-------- Input for this task
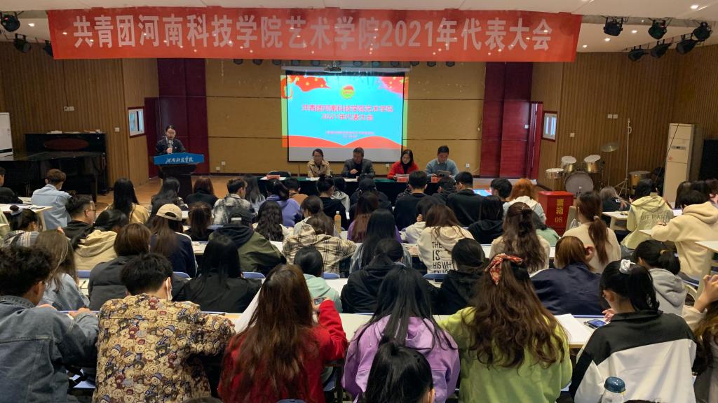 艺术学院2021年代表大会在11号楼合一召开。艺术学院党委书记张玉新、党委副书记徐小玉、团委书记刘凤、团委副书记陈晓华、辅导员杨丹及艺术学院150余名团员代表参加了此次会议。会议由团委副书记陈晓华主持。
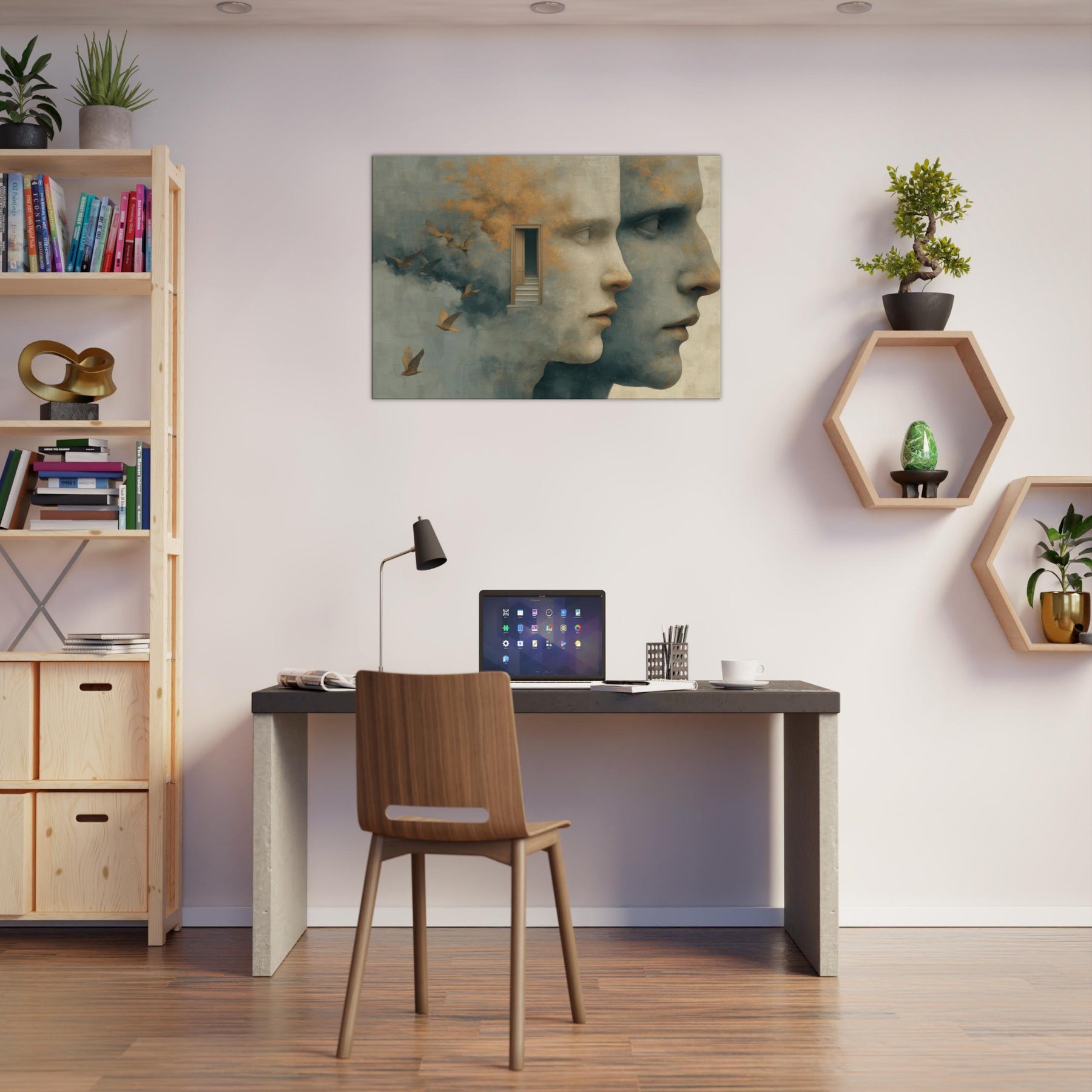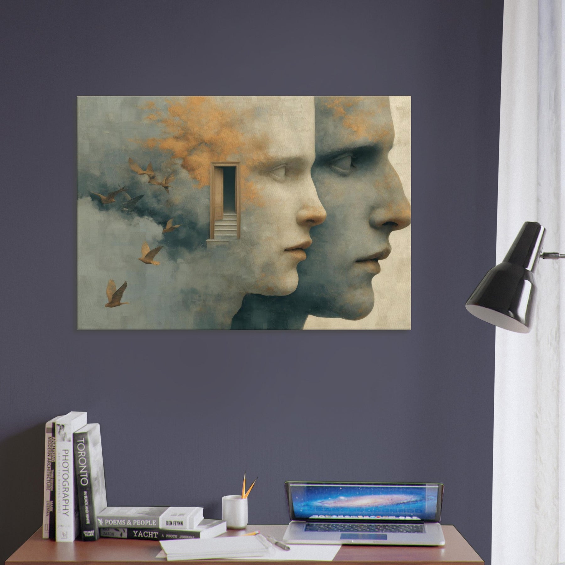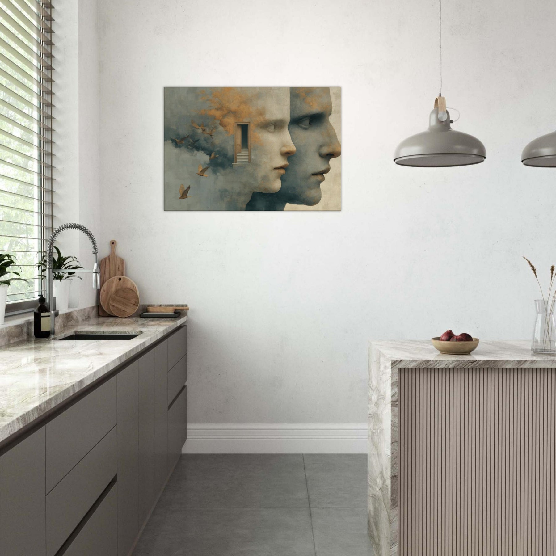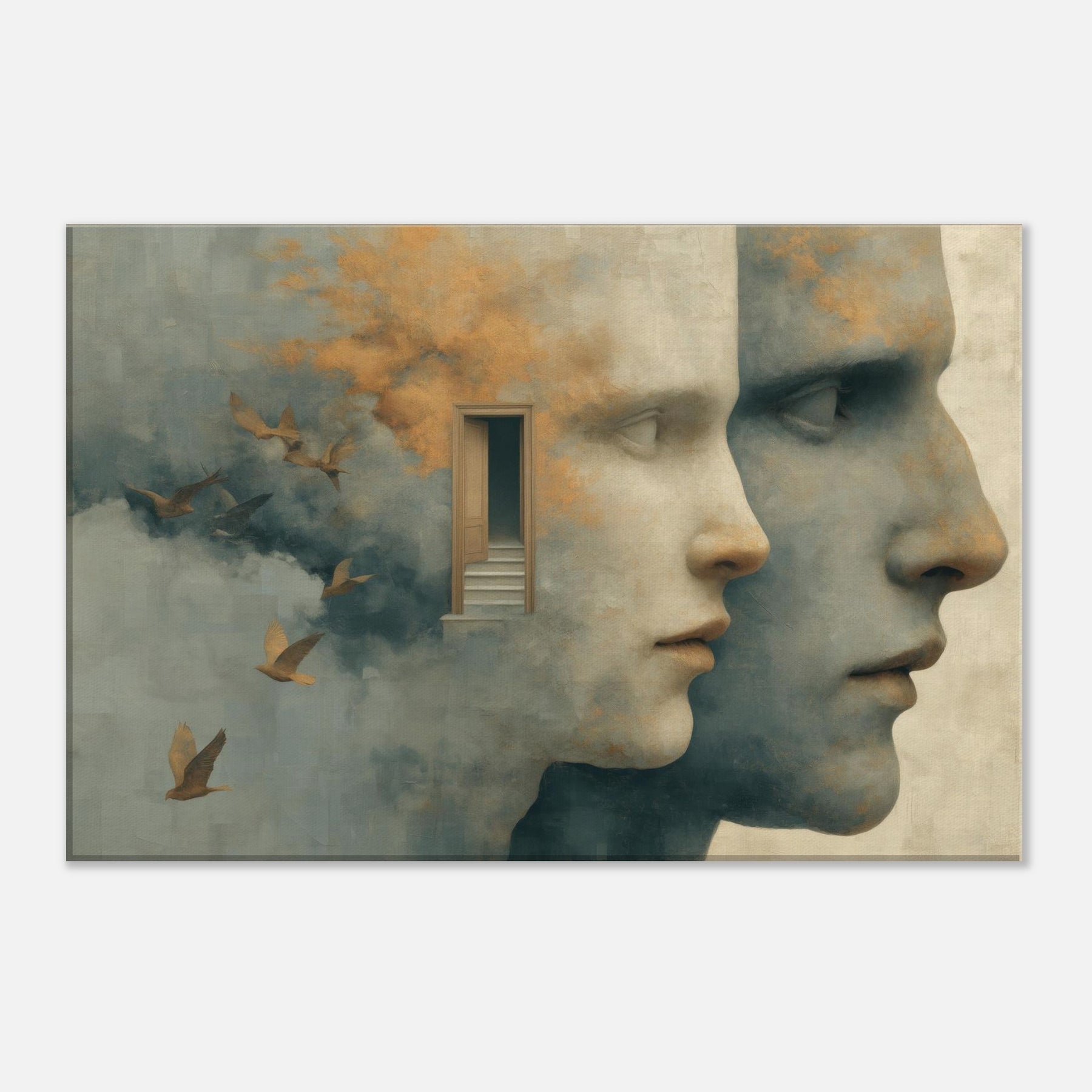 From Mythical Figures (Venus, David) emerges a tranquil chorus of profiles and air: faces drift through a sky of warm ochre and cool blue, while a doorway opens to another realm. Birds wheel by, and the atmosphere takes on a tactile hush. The image invites quiet contemplation and generous shade for conversation. Hang this canvas where light shifts through the day, and let the room soften into a sanctuary of dreamlike presence and refined calm.
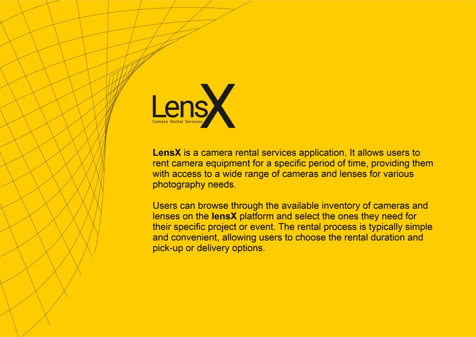 LensX is a camera rental services application. It allows users to rent camera equipment for a specific period of time, providing them with access to a wide range of cameras and lenses for various photography needs.
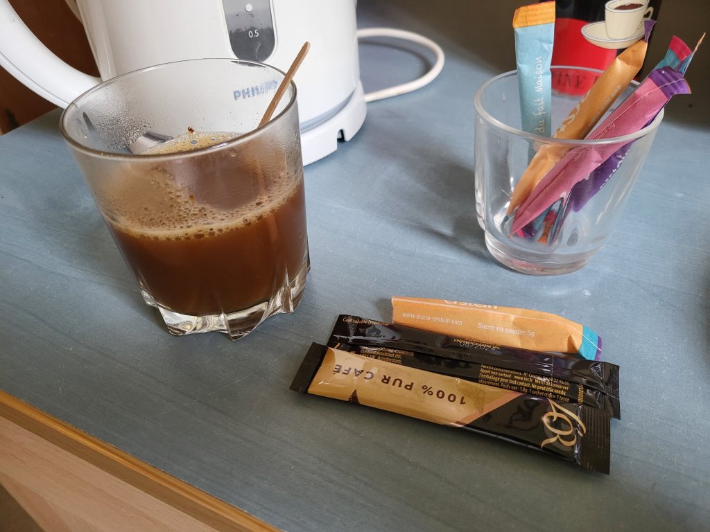 Als ik tegen het eind van het traject het bos uit kom op de heuvel boven Sommeval schijnt de zon en is het uitzicht prachtig. Er staat er een bankje op dè perfecte plek! Ik zit er zeker een uur vòòr ik op mijn gemak afdaal naar Sommeval, direct doorloop naar het gemeentehuis voor een tampon en info over de gemeente gite. Deze blijkt aan de rand van het dorp te staan, waar ik al voorbij gelopen ben. Ik heb deze kleine gite voor mij alleen. Er is een keukentje, toilet een heerlijk warme douche en verwarming. Heerlijk want het koelt buiten flink af! Èn oploskoffie … àhhh geen suiker!
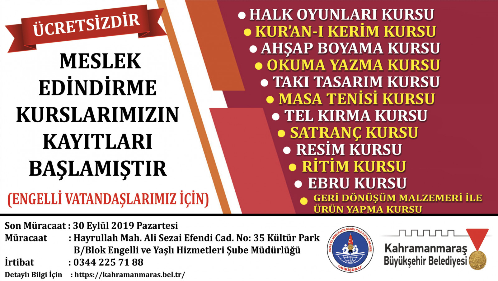 Kahramanmaraş Büyükşehir Belediyesi’nin engelli vatandaşlara yönelik hazırladığı Meslek Edindirme Kursları’nda kayıtlar başladı. Büyükşehir Belediyesi Engelli ve Yaşlı Hizmetleri Şube Müdürlüğü ile Suzan ve Abdulhakim Bilgili Halk Eğitim Merkezi Müdürlüğü işbirliğinde verilecek olan kursların kayıtları 30 Eylül Pazartesi gününe kadar devam edecek.
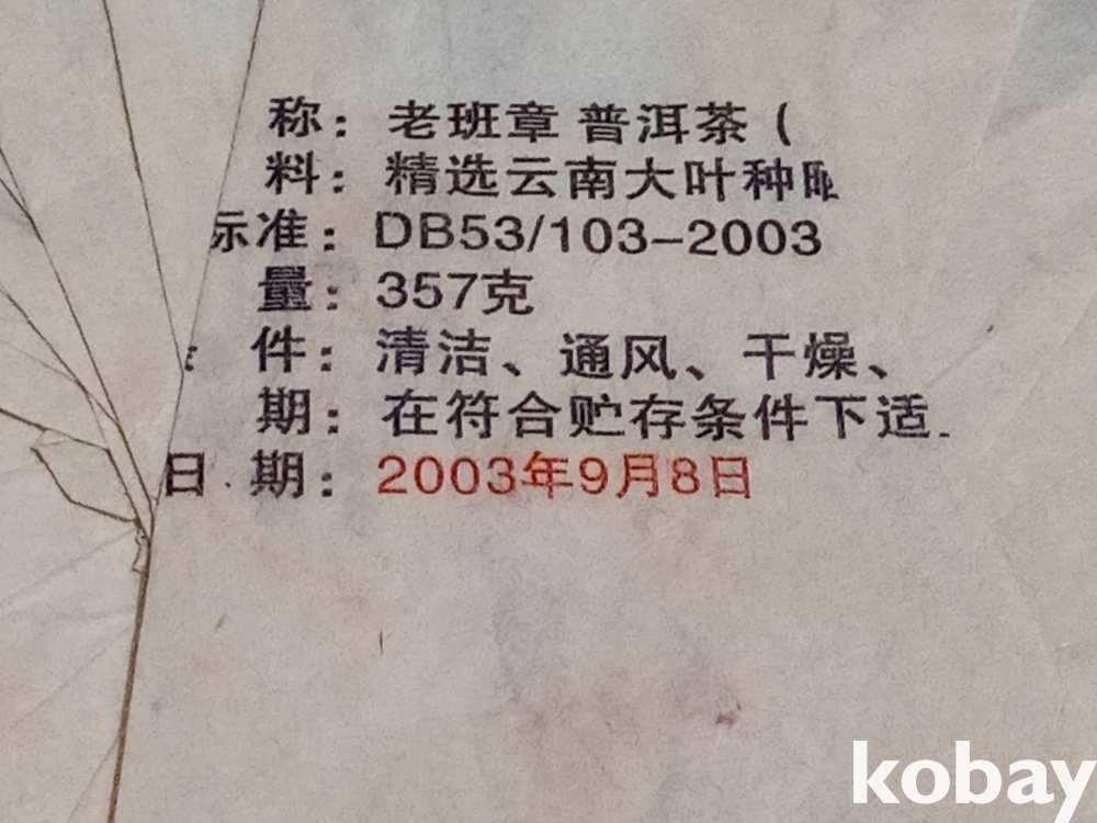"보이 숙차"로, 무게는 357g입니다.
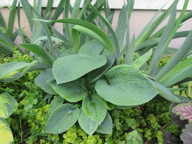 The leaves of the Hosta ‘Abiqua Drinking Gourd’ are very “puckered” and kind of cup-shaped. I haven’t seen any slugs for MANY years, but they are also snail resistant.
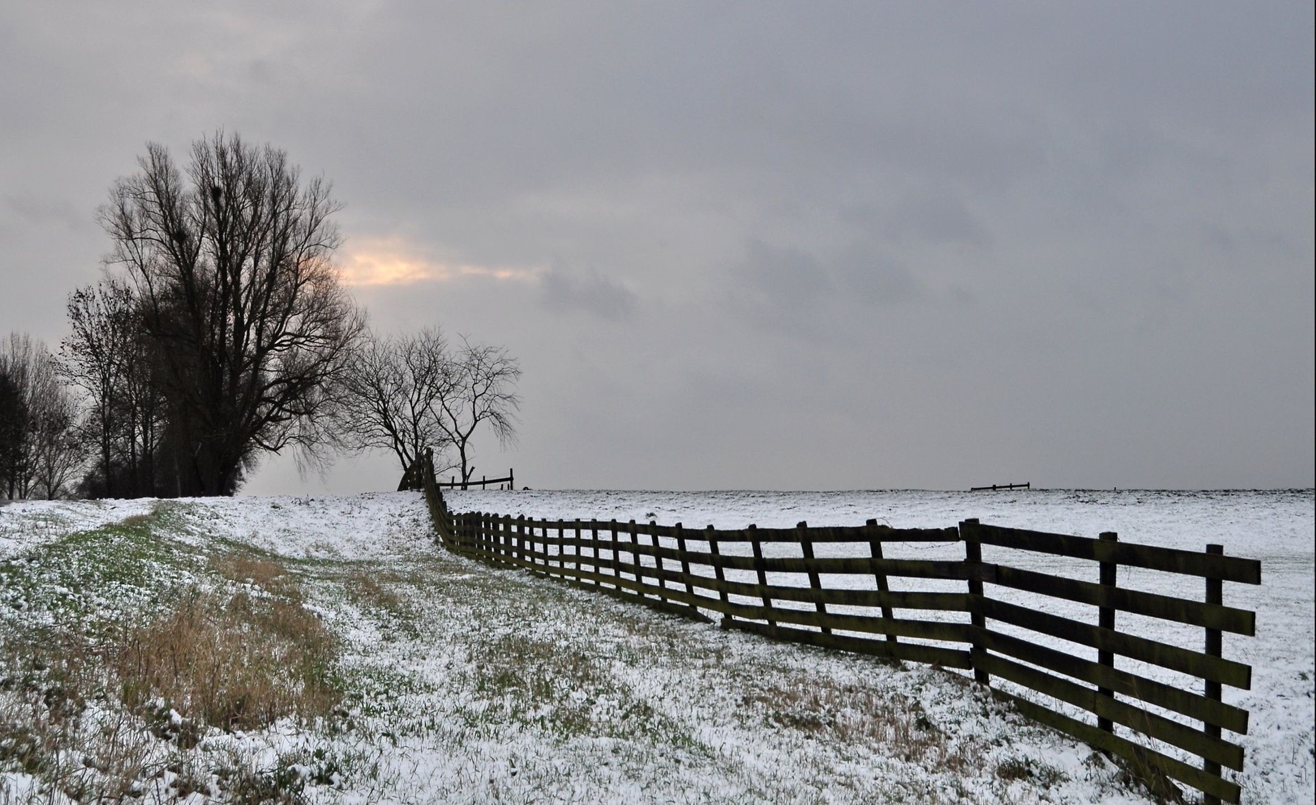 Зима серое деревья поле забор небо иней - обои на телефон
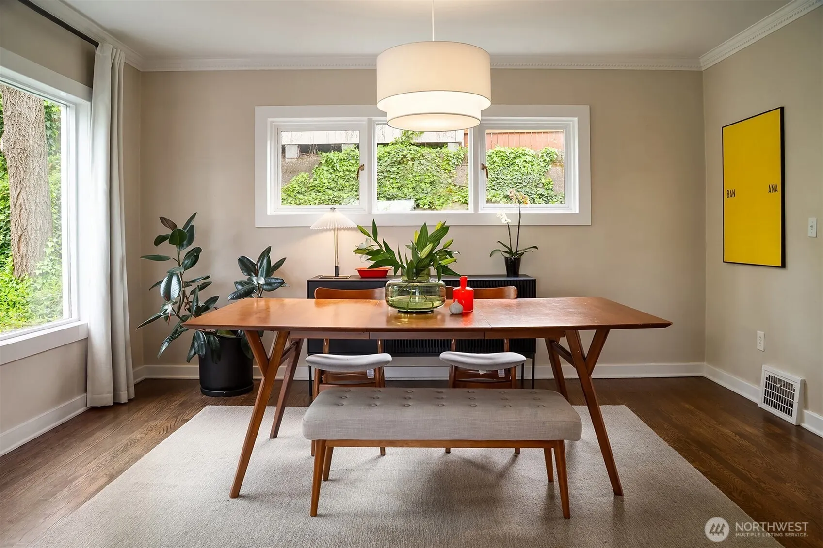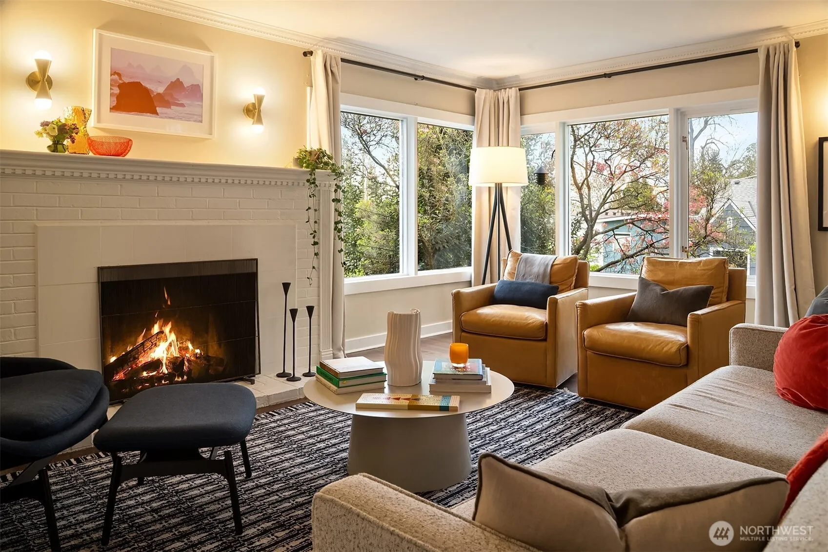 Sitting pretty, a quick jaunt from Greenlake and walking distance to the heart of Tangletown, this stylish Tudor exudes quiet luxury. Perched for privacy with an oasis-like backyard complete with sauna, lawn and garden beds and a party size deck. The “relax you’re home vibes” start as soon as you walk in. The light moves softly through the space, offering warmth regardless of season. The living room is anchored by peek-a-boo views and a beautiful fireplace with custom surround. The dining room opens to a dreamy kitchen and jewel-box breakfast nook with garden views. The main floor bedroom with Ralph Lauren vibes and a walk-in closet is right next to a stylish full bath. Upstairs delights with warm fir floors, tree-top views and 3 well-appointed bedrooms. The beautifully remodeled upstairs bathroom is as functional as it is pretty. And all this goodness is connected by a spacious upstairs landing charmingly lit by a stunning stained glass window. Soaring ceilings in the downstairs living room set the tone. And whether you want additional living space, a deluxe Airbnb, or guest quarters, the possibilities in the lower-level abound. The perfect home for multi-generational living. Separate laundry in lower and upper levels. In McDonald International attendance area. Dreamy.
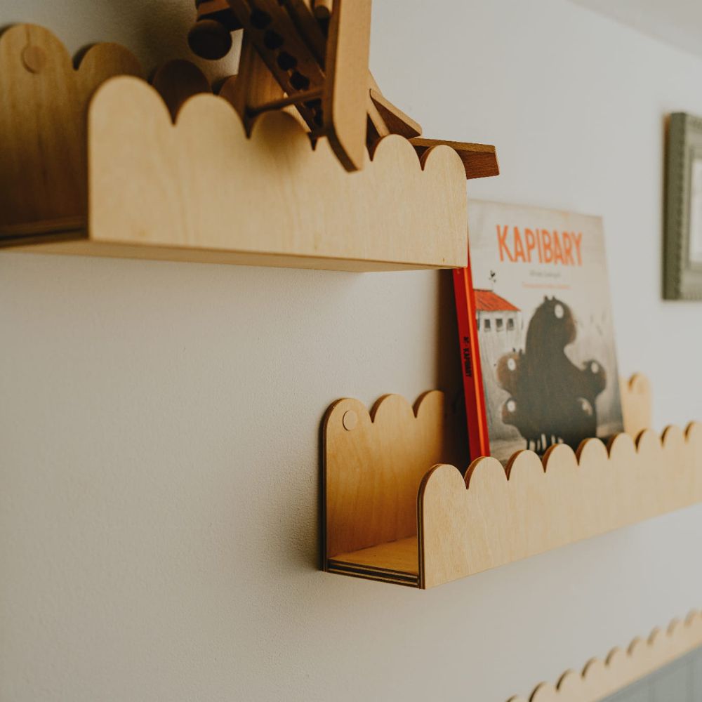 Szukasz wyjątkowego dodatku, który połączy funkcjonalność z estetyką? Drewniana półka Falbanka to doskonały wybór dla każdego dziecięcego pokoju! Jej delikatnie falujący kształt dodaje wnętrzu lekkości i przytulnego charakteru, tworząc idealne miejsce na książeczki, figurki czy inne drobiazgi.
----------------
### Problem
Without the pictures, repeat every record above exactly as written.

### Finished exercise
 艺术学院2021年代表大会在11号楼合一召开。艺术学院党委书记张玉新、党委副书记徐小玉、团委书记刘凤、团委副书记陈晓华、辅导员杨丹及艺术学院150余名团员代表参加了此次会议。会议由团委副书记陈晓华主持。
 From Mythical Figures (Venus, David) emerges a tranquil chorus of profiles and air: faces drift through a sky of warm ochre and cool blue, while a doorway opens to another realm. Birds wheel by, and the atmosphere takes on a tactile hush. The image invites quiet contemplation and generous shade for conversation. Hang this canvas where light shifts through the day, and let the room soften into a sanctuary of dreamlike presence and refined calm.
 LensX is a camera rental services application. It allows users to rent camera equipment for a specific period of time, providing them with access to a wide range of cameras and lenses for various photography needs.
 Als ik tegen het eind van het traject het bos uit kom op de heuvel boven Sommeval schijnt de zon en is het uitzicht prachtig. Er staat er een bankje op dè perfecte plek! Ik zit er zeker een uur vòòr ik op mijn gemak afdaal naar Sommeval, direct doorloop naar het gemeentehuis voor een tampon en info over de gemeente gite. Deze blijkt aan de rand van het dorp te staan, waar ik al voorbij gelopen ben. Ik heb deze kleine gite voor mij alleen. Er is een keukentje, toilet een heerlijk warme douche en verwarming. Heerlijk want het koelt buiten flink af! Èn oploskoffie … àhhh geen suiker!
 Kahramanmaraş Büyükşehir Belediyesi’nin engelli vatandaşlara yönelik hazırladığı Meslek Edindirme Kursları’nda kayıtlar başladı. Büyükşehir Belediyesi Engelli ve Yaşlı Hizmetleri Şube Müdürlüğü ile Suzan ve Abdulhakim Bilgili Halk Eğitim Merkezi Müdürlüğü işbirliğinde verilecek olan kursların kayıtları 30 Eylül Pazartesi gününe kadar devam edecek.
"보이 숙차"로, 무게는 357g입니다.
 The leaves of the Hosta ‘Abiqua Drinking Gourd’ are very “puckered” and kind of cup-shaped. I haven’t seen any slugs for MANY years, but they are also snail resistant.
 Зима серое деревья поле забор небо иней - обои на телефон
 Sitting pretty, a quick jaunt from Greenlake and walking distance to the heart of Tangletown, this stylish Tudor exudes quiet luxury. Perched for privacy with an oasis-like backyard complete with sauna, lawn and garden beds and a party size deck. The “relax you’re home vibes” start as soon as you walk in. The light moves softly through the space, offering warmth regardless of season. The living room is anchored by peek-a-boo views and a beautiful fireplace with custom surround. The dining room opens to a dreamy kitchen and jewel-box breakfast nook with garden views. The main floor bedroom with Ralph Lauren vibes and a walk-in closet is right next to a stylish full bath. Upstairs delights with warm fir floors, tree-top views and 3 well-appointed bedrooms. The beautifully remodeled upstairs bathroom is as functional as it is pretty. And all this goodness is connected by a spacious upstairs landing charmingly lit by a stunning stained glass window. Soaring ceilings in the downstairs living room set the tone. And whether you want additional living space, a deluxe Airbnb, or guest quarters, the possibilities in the lower-level abound. The perfect home for multi-generational living. Separate laundry in lower and upper levels. In McDonald International attendance area. Dreamy.
 Szukasz wyjątkowego dodatku, który połączy funkcjonalność z estetyką? Drewniana półka Falbanka to doskonały wybór dla każdego dziecięcego pokoju! Jej delikatnie falujący kształt dodaje wnętrzu lekkości i przytulnego charakteru, tworząc idealne miejsce na książeczki, figurki czy inne drobiazgi.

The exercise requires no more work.